Panagia tou Kastrou (), also known as Our Lady of the Castle is a medieval Greek Orthodox church in the city of Rhodes, in Rhodes, Greece. It is located inside the old walled city, and it is the largest surviving Byzantine church of the island. It has historically served as a Roman Catholic church and a Muslim mosque throughout its history as Rhodes was conquered by various states and empires.

History 

Panagia tou Kastrou was built as a Greek Orthodox church around the eleventh century.

After the capture of Rhodes by the Knights Hospitaller, the Byzantine Orthodox church was converted into a Roman Catholic church and archiepiscopal cathedral of the Latins, also dedicated to Virgin Mary, under the name Sancta Maria Castelli Rodi.

The Byzantine church was remodeled sometime in the first half of the 14th century; this was likely is due to a repair due to the possible collapse of the middle nave with the dome during the earthquake of 1303. The archdiocese of Rhodes was in great poverty at the time, and could not afford the reconstruction of the church.
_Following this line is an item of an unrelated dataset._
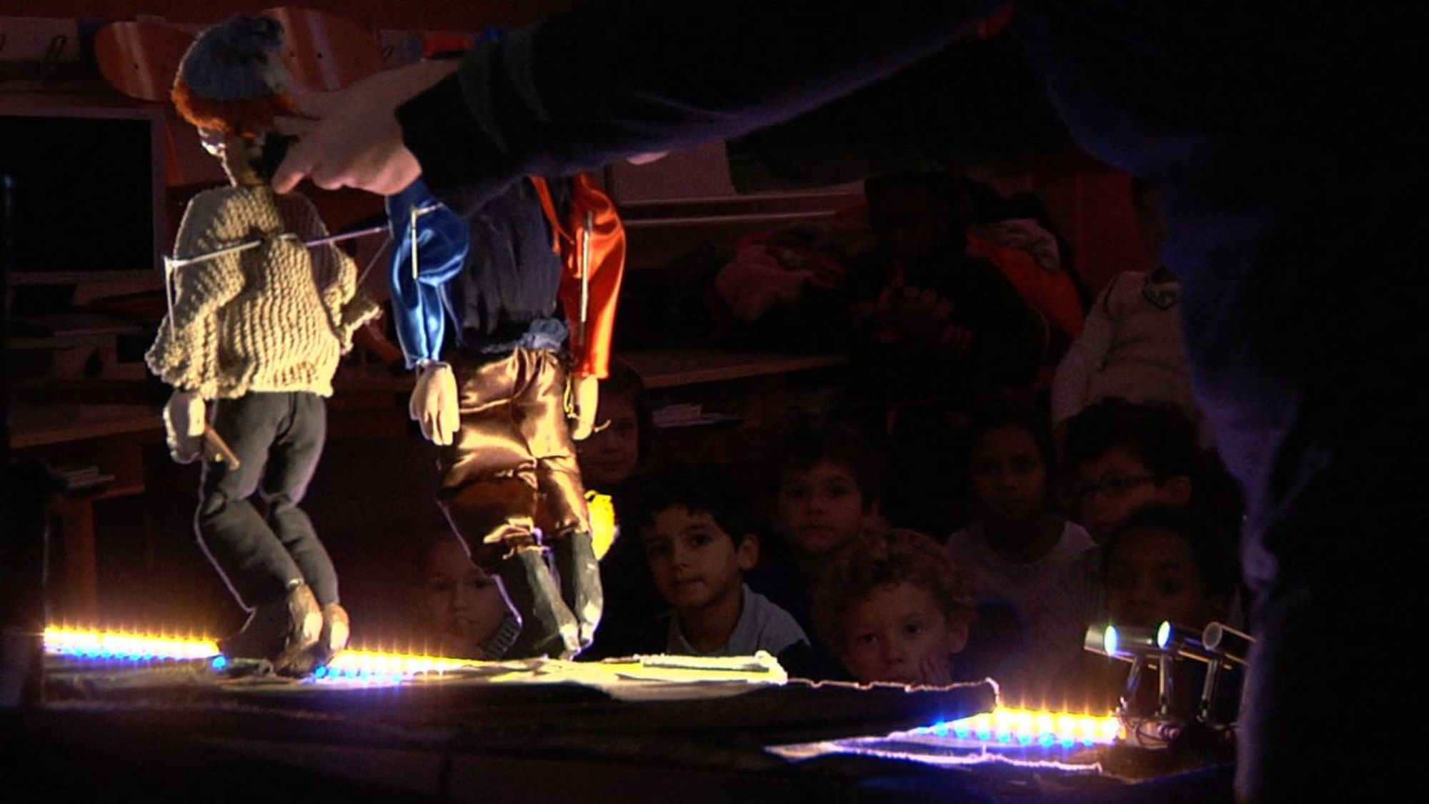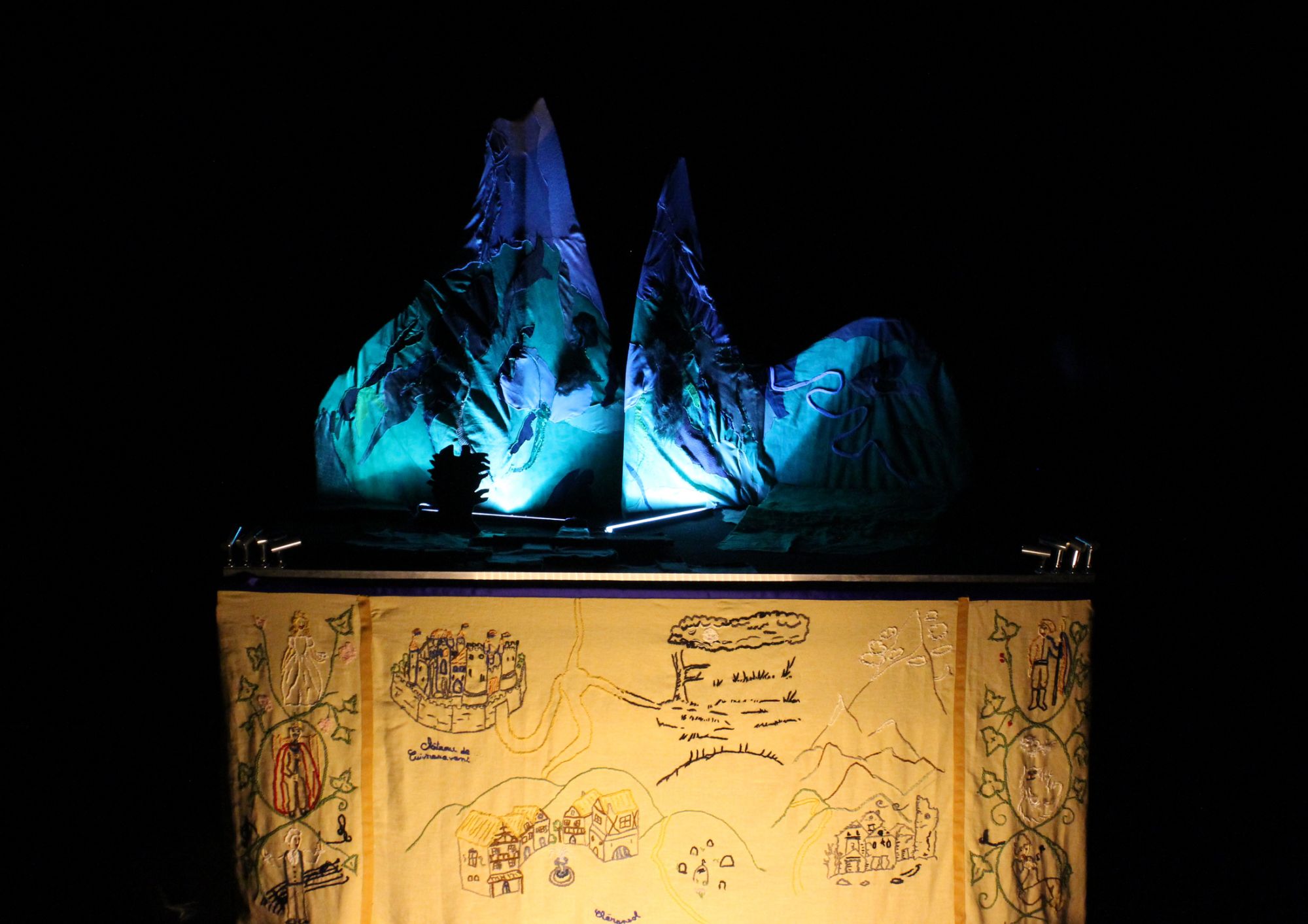 Isabelle Cerclé, la marionnettiste, a créé une scénographie mobile, qui s'adapte au fur et à mesure du récit.

Thus the help of Pope John XXII was asked, who seems to have provided funds for the church. In honour of his contribution they placed his coat of arms next to that of the Hospitaller Grand Master Hélion de Villeneuve.

The church seems to have obtained yet another intervention by the Knights, which is dated around the second half of the 15th century and is probably connected to the siege of 1480, during which Panagia tou Kastrou suffered extensive damage. Supporting this dating is the coat of arms of Grand Master Pierre d'Aubusson (1476-1503) within a glass case, accompanied by the coats of arms of earlier Grand Masters, Antoni de Fluvian and Jean Bonpart de Lastic, as tribute, apparently for their contributions to restorations.

After the island fell to the Ottomans Turks in 1522, it was converted into a mosque, called Enderum Mosque () and it remained so until World War II, where the portico and the minaret were removed by the Italians who held Rhodes at the time and it was converted back into a Christian church.

Architecture 

It is the oldest and largest surviving Byzantine church inside the medieval town of Rhodes.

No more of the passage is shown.